Spiritual discernment

by Michael E. Brooks

“But the natural man does not receive the things of the Spirit of God, for they are foolishness to him; nor can he know them, because they are spiritually discerned. . . . And I, brethren, could not speak to you as to spiritual people but as to carnal, as to babes in Christ” (1 Corinthians 2:14; 3:1 NKJV).

Each time I return to South Asia,  I am impressed anew with the necessity of changing my approach to preaching and teaching. Not only is general knowledge of the Bible almost entirely lacking among the Hindus, Buddhists and Muslims of these countries, but their perspectives and goals are much different from those to whom I normally speak in the United States.

The latter are more rigidly materialistic, preoccupied with the body, its needs and desires.

It is not that Americans are necessarily more spiritual, but their worldview at least allows for the concept.  More importantly, most of my preaching there is to Christians, many of whom have been Christians for a long time.  Though this does not guarantee maturity or spirituality, it does help the mindset and perception.

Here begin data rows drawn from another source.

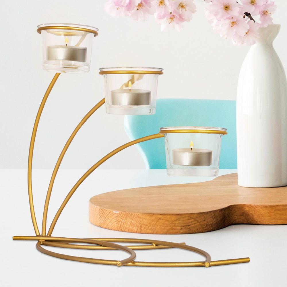 This simple but elegant tree branch shaped tea light holder in Golden color comes with 3 tea light glasses to accentuate the lighting and will give your purpose-filled tea lights a base that will complement their overall appeal. Ideal gifting option for Diwali, festivals, house warming, wedding, party etc. This is a handcrafted product and may have slight irregularities which only add to the charm of the finished product making it an exquisite piece. We recommend dusting with a soft dry cloth. Do not use abrasive cleaner. Do not leave spills unattended.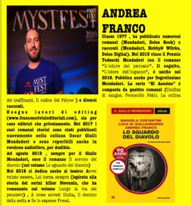 Il romanzo “Il sorriso del diavolo” nasce qualche anno fa. C’era l’occasione di una pubblicazione seriale sui serial killer, un format televisivo, approfondimenti psicologici e così via. I promotori del progetto volevano iniziare con un sk notevole e così hanno chiesto qualcosa su Jeffrey Dahmer. Poco dopo mi squilla il telefono e “te la senti di scrivere un romanzo sulla vita di Dahmer?”. Ho accettato la sfida e ho iniziato a documentarmi con film, libri, ricerche nel web, per calarmi del tutto nel personaggio. Molte delle cose narrate sono reali, non ho dovuto inventare nulla, ma provare a dargli spessore e a ragionare come lui non è stato semplice. Un viaggio… particolare. Alla fine quel progetto non andò in porto e il romanzo uscì, in versione digitale in un’altra collana. Fino a che lo speciale del Giallo Mondadori non lo ha presentato al grande pubblico, in uno speciale che condivido con due amici e validissimi scrittori: Luca Di Gialleonardo e Manuela Costantini (come me, vincitrice del Premio Tedeschi Mondadori).
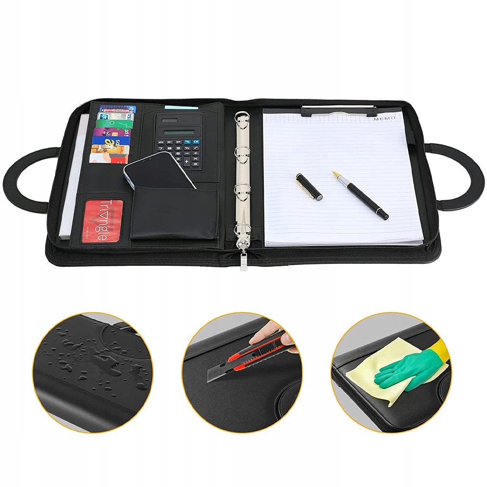 - Папка конференції A4 виготовлена із зовнішньої сторони шкіри PU, яка є водонепроникною та легкою для очищення. ручка, 4 кільця, 9 карткових відсіків та 10 прозорих кишенькових документів.

This is not the case in many other places where Christianity may be virtually unknown. Those who have named Christ may be first generation Christians with no prior knowledge of the Bible, and may have been Christians only a short time.

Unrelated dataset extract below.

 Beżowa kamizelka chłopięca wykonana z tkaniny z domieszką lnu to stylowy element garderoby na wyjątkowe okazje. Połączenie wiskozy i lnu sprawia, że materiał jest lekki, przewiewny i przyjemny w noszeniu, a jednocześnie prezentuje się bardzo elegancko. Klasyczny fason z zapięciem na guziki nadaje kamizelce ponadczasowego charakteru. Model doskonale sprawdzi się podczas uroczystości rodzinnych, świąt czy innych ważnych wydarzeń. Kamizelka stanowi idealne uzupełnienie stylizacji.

It is also the case that other countries experience a far greater level of poverty and want, making focus on the material necessities more urgent.  It is very difficult to persuade someone of the many spiritual blessings available in Christ when they have no comprehension of the realm of spirituality.

Life is a matter of the here and now, the needs of the moment. There is little thought or concern for the future when one does not know where the next meal is coming from.

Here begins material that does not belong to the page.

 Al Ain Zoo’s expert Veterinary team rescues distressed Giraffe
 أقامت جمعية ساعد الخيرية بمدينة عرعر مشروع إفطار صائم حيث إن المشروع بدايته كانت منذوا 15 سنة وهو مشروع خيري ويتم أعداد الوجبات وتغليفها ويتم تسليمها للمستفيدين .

These observations influence my appreciation for the words of the apostle Paul quoted above. I understand his frustration at the difficulty of explaining necessary truths to people without the background essential to understanding.

This same frustration is apparent in the letter to the Hebrew Christians: “Of whom we have much to say and hard to explain, since you have become dull of hearing” (Hebrews 5:11).

The speaker (or writer) has responsibilities to know his audience and to adjust his presentation to their capabilities and needs. This does not mean however that he is free to change his message, or ignore necessary content. His obligation remains to “preach the word” (2 Timothy 4:2).

In studying missionary methods, as well as preaching effectiveness, I have sometimes seen the suggestion that certain doctrines (for example baptism) be deleted or at least deferred in cultures where there were inherent obstacles to their being accepted.

The argument is made, “If burial is an obnoxious concept, how can we expect to be effective when we require it (even symbolically) at the onset of Christian life?  Should we not wait until the audience is better able to accept it?” Or, when teaching Muslims, “If the deity of Jesus is considered blasphemy, why not emphasize his humanity and not force the issue?”

The Christian evangelist (and that is every Christian) is restricted in what he may teach (2 John 9-11; Galatians 1:6-10). We are to “speak as the oracles of God” (1 Peter 4:11).

Our faith has been delivered to the saints “once and for all” (Jude 3). There are methods available to help us reach a less spiritual audience, but some responsibility remains with those who hear. Like the various unproductive soils of Jesus’ parable (Matthew 13:1-9) even good seed spread by a diligent farmer will not produce in every situation into which it falls.